_Work instructions_
Leave out the pictures and output exactly the lines below from the one with "Team C Clear" down to the one with "ΣΥΝΘΕΣΗ MONTE CARLO", both of them included.

_Entries provided_
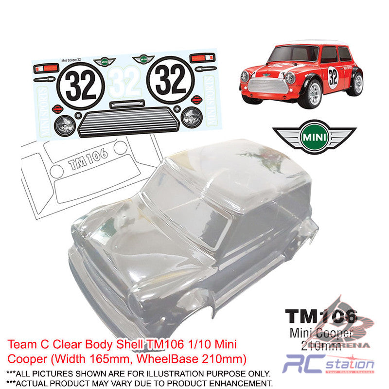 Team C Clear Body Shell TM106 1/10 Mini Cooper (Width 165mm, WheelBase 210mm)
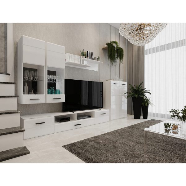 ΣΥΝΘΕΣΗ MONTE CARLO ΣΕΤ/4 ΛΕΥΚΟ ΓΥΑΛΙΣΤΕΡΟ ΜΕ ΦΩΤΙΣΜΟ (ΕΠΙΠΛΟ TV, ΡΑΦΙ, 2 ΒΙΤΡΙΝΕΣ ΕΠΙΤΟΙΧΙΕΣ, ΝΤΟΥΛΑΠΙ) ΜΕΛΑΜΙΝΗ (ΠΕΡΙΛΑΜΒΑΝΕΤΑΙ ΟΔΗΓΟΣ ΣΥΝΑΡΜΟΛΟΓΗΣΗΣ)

...

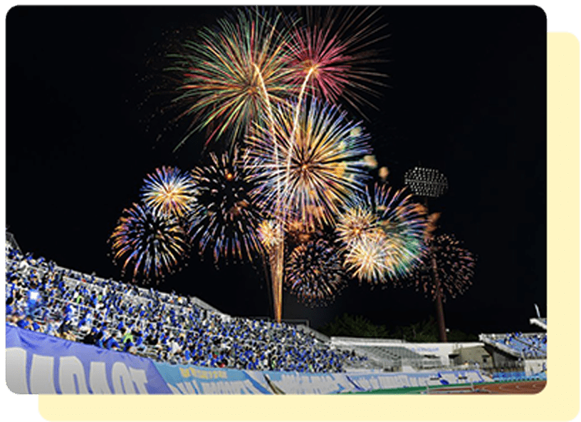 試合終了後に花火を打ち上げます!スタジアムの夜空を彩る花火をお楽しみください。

* * *

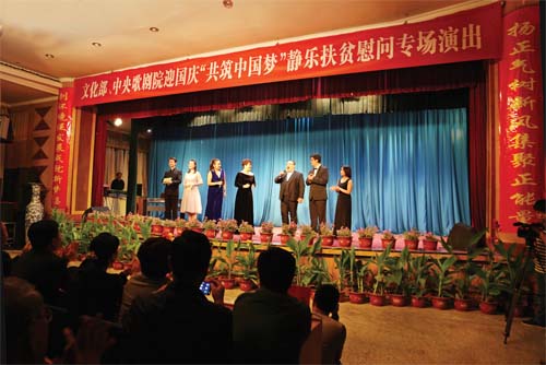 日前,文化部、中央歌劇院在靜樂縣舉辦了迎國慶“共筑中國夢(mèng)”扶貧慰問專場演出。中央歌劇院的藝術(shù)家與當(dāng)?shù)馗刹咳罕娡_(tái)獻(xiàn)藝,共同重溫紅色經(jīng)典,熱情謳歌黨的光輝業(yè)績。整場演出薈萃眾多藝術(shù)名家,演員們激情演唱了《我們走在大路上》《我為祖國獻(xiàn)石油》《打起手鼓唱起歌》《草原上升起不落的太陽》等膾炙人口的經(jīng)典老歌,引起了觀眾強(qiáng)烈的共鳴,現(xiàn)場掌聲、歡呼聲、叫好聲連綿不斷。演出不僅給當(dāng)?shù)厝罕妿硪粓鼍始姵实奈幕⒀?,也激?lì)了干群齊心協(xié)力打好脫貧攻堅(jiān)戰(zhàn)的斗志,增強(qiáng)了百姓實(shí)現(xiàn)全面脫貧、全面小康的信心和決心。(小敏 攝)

_Task answer_
 Team C Clear Body Shell TM106 1/10 Mini Cooper (Width 165mm, WheelBase 210mm)
 ΣΥΝΘΕΣΗ MONTE CARLO ΣΕΤ/4 ΛΕΥΚΟ ΓΥΑΛΙΣΤΕΡΟ ΜΕ ΦΩΤΙΣΜΟ (ΕΠΙΠΛΟ TV, ΡΑΦΙ, 2 ΒΙΤΡΙΝΕΣ ΕΠΙΤΟΙΧΙΕΣ, ΝΤΟΥΛΑΠΙ) ΜΕΛΑΜΙΝΗ (ΠΕΡΙΛΑΜΒΑΝΕΤΑΙ ΟΔΗΓΟΣ ΣΥΝΑΡΜΟΛΟΓΗΣΗΣ)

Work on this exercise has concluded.